Eine bemerkenswerte Übung sei hier erwähnt: Unter dem Namen „HOP CROC“ (Hopping Crocodile) wurde im Übungsgebiet in der Nähe von Varrelbusch, unter staunenden Augen von Heeresoffizieren, eine triphibisch angelegte Operation durchgeführt. 30 Soldaten der Kompanie führten in einem Anflug einen Dämmerungssprung aus einer Noratlas aus, sickerten im Anschluss in Richtung Küste, um am dritten Tag der Übung die in Wilhelmshaven liegende Reserveflotte im Taucheinsatz anzugreifen. Ihr Erfolg blieb nicht unbemerkt. So wurden in den folgenden Jahren Angriffe auf verschiedene sicherheitsempfindliche Einrichtungen der Bundeswehr durchgeführt, die dadurch sensibilisiert wurden und daher ihre Abwehrmaßnahmen erhöhten.

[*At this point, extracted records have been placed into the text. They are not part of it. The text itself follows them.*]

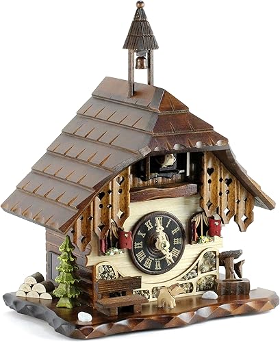 Eble 22307 Horloge à coucou en bois véritable à piles avec mouvement à quartz Motif maison de la Forêt Noire 28 cm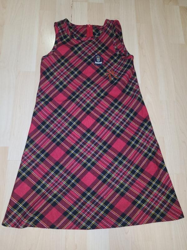Сарафан теплый, красного цвета в черно-желтую клетку. Замеры на фото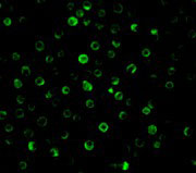 Immunofluorescence of IL-22 receptor in HepG2 cells with IL-22 receptor antibody at 10 μg/mL. |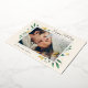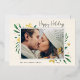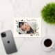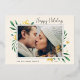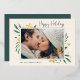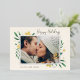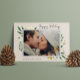 Elégant et festif, le carte photo de vacances encadre votre image horizontale ou paysagère préférée avec une subtile bordure de pont et un feuillage vert de vacances en regardant les coins. Des fleurs et des baies de feuillage doré complètent le design. "Happy Holidays" apparaît en haut à droite dans le script de calligraphie, avec vos noms et l'année en bas à gauche.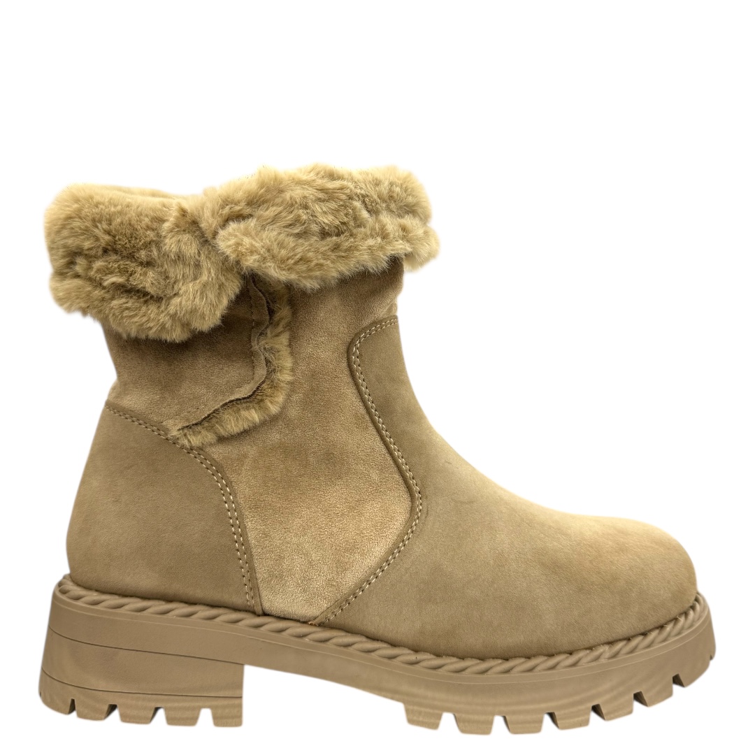 Bottines taupe à talon en cuir synthétique élégant, doublées pour la chaleur. Parfaites pour l’hiver urbain. Commandez en ligne dès maintenant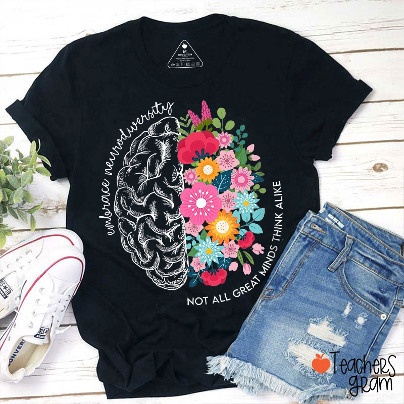 Embrace Neurodiversity Not All Great Minds Think Alike Teacher T-Shirt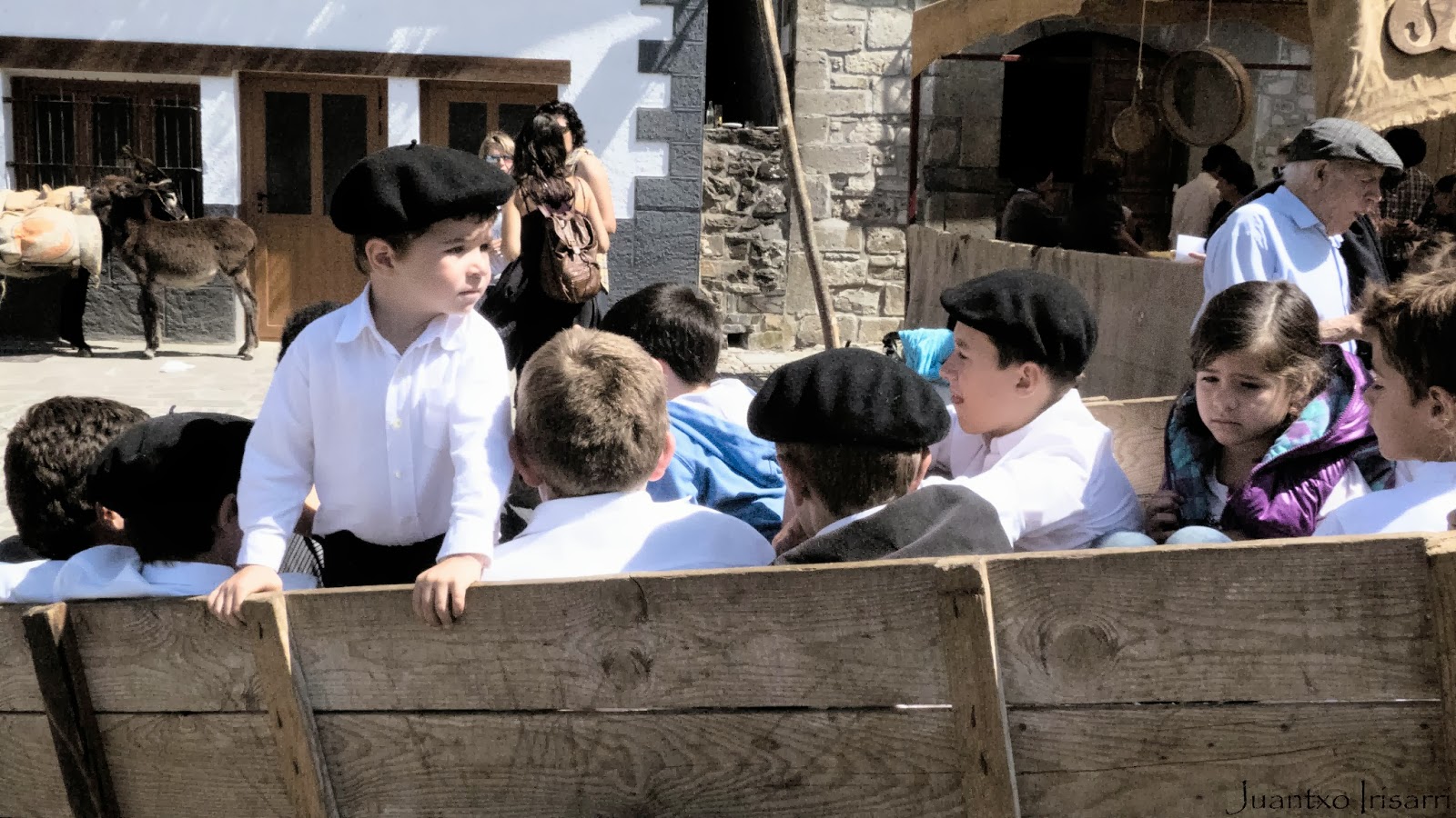 El programa comienza con el bandeo de campanas que anuncia la puesta en marcha de todas las actividades. Mientras recorremos las calles del pueblo tenemos la oportunidad de ver escenas de la matanza del cerdo, beatas rezando en la iglesia, lavanderas haciendo la colada en el río; los niños por un lado y las niñas por otro, ataviados a la antigua usanza y acudiendo a la escuela por separado como mandaba la tradición. Vemos también a las mujeres haciendo cordeles de bainetas o alubias verdes; al ganadero elaborando queso; a las hilanderas afanadas en el proceso de elaboración de hilos de lana; a las colchoneras 'axotando' o vareando la lana destinada a rellenar los colchones; al notario documentando las peticiones de un cliente; a los cortadores de troncos haciendo tablones con la sierra en posición vertical, y a los herreros forjando el hierro en la fragua con un curioso y viejo fuelle, martilleando sin cesar el metal para darle la forma deseada.

In den Sechzigerjahren vollzog sich nicht nur in Europa ein militärischer Wandel. John F. Kennedy befahl die Neuausrichtung des U.S. Militärs. Im Zuge dessen wurden die U.S. Navy SEALs gegründet. SEAL ist das Kürzel für „Sea, Air, Land“. Es beschreibt, wie und wo die SEALs ihre operative Heimat finden sollten. Die Feuertaufe der SEALs, einer mit sehr viel Bedacht aufgebauten Einheit, sollte nicht lange auf sich warten lassen: der Vietnamkrieg.

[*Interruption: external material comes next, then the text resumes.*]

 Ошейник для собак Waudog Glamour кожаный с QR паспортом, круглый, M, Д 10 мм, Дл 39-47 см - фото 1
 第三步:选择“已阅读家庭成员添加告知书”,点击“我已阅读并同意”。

Das Konzept der deutschen Kampfschwimmer war nun nicht mehr rein an einen Wasserauftrag gebunden. Vielmehr wurde das Element Wasser dazu genutzt, sich unbemerkt anzunähern, um anschließend Kampfaufträge an Land durchzuführen. Auch wurde das Element Luft einbezogen und Sprungverfahren entwickelt, die eine sichere Verbringung ermöglichten. Der Kampfschwimmer wurde zu einer „Triphibie“ und ist bis heute der Soldat mit dem breitesten Ausbildungsspektrum innerhalb der Kampfeinheiten der Bundeswehr. Mit diesem Konzept bildeten die Kampfschwimmer, bereits – anfangs der 1970er Jahre – die Grundbefähigungen für eine spätere Zuordnung zu den Spezialkräften ab.